1.3 Concluding Remarks
This chapter sought to give an overview of the major findings in the literature regarding the economic and political components of the resource curse. Section 1.1 investigated price volatility of natural resources in the global marketplace, as well as the Dutch Disease thesis. In both cases, it was found that these economic components of the resource curse are mitigated or exacerbated by policymaking, thus pointing to the critical aspect of governmental action in the face of resource windfalls. Section 1.2 focused on the impediments to democracy posed by natural resources. First, this section evaluated quantitative studies finding statistical significance that resource abundance is an impediment to democracy and then investigated mechanisms through which this occurs, such as rentier state theory and incumbency-inducing effects. Subsequently, contrarian studies indicating that resource wealth can be a positive driver for democracy were investigated. However, many of these studies’ conclusions were shown to be weak in the face of outside information or interpretively driven, which obscure whether or not resource abundance can actually positively affect democratisation and democracies.
While the literature on the resource curse over the past four decades is seemingly exhaustive, there are still new pathways this body of research can look towards. Elsewhere I have argued for the need to develop an ideological approach to the resource curse and how its perceptive elements can lead to political changes (Erwin, 2019: 52). To undertake this task, an interdisciplinary approach employing behavioural economics, political psychology, and political economy would be beneficial as a robust mechanism to discern an ideology of the ‘resource curse’. Empirically, this could take place using a single case study or over a range of cases. However, the latter could prove logistically challenging when it comes to data collection, and due to the authoritarian nature of many resource-rich states, gathering meaningful data could prove cumbersome due to a lack of free speech in these countries.

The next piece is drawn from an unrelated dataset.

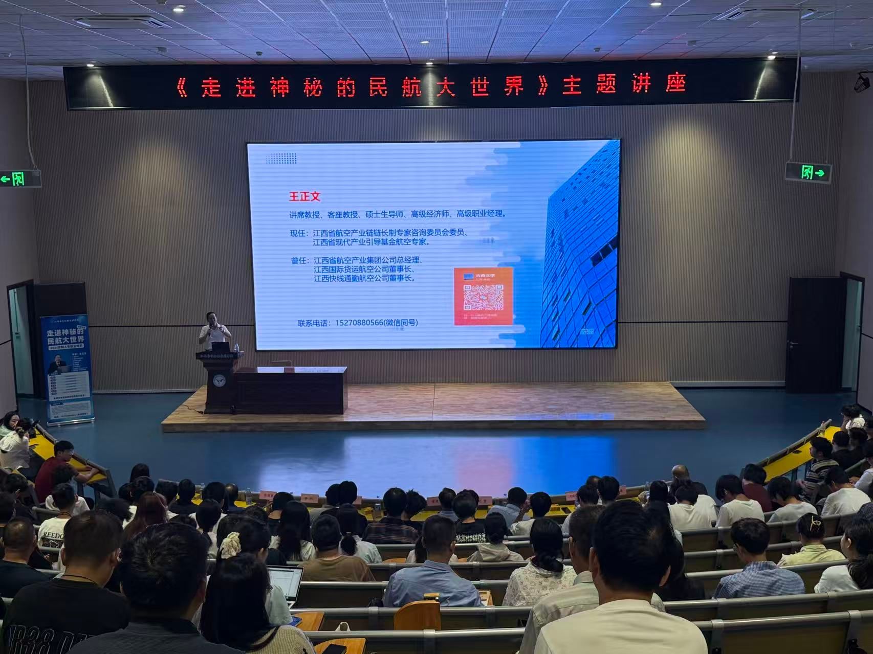 活动伊始,校长助理李燕代表学校对王正文教授的到来表示热烈欢迎,并着重介绍了他的资深行业经历。王教授身为高级经济师(教授)、硕士生导师,不仅担任江西省航空产业链链长制专家咨询委员会委员等要职,更曾掌舵江西省航空产业集团及其旗下多家航空公司,亲身领导并实施了江西省内多个重大航空项目,是兼显卓越理论素养与丰富实践经验的行业领军人物。

Furthermore, a meta-analysis of the work on the Dutch Disease would be beneficial as a method to try and comprehensively discern why some resource-rich states are affected by the phenomenon and others are not. This could take place via a look a comparative look at monetary, fiscal, and developmental policies undertaken post-discovery of abundant natural resources in an effort to definitively ascertain what policies are most beneficial for the long-term economic development of resource-abundant states.
Overall, the resource curse provides an interesting insight into the political and economic maladies faced by nations abundant in natural resources. It is likely in the long-term, even with the changing nature of our relationship with energy prospects due to climate change, that new approaches will be needed to evaluate the effects of resource dependency. Similarly, it will be interesting to observe whether or not the resource curse is able to manifest with states abundant in renewable resources, such as Bolivia with its largely untapped lithium reserves.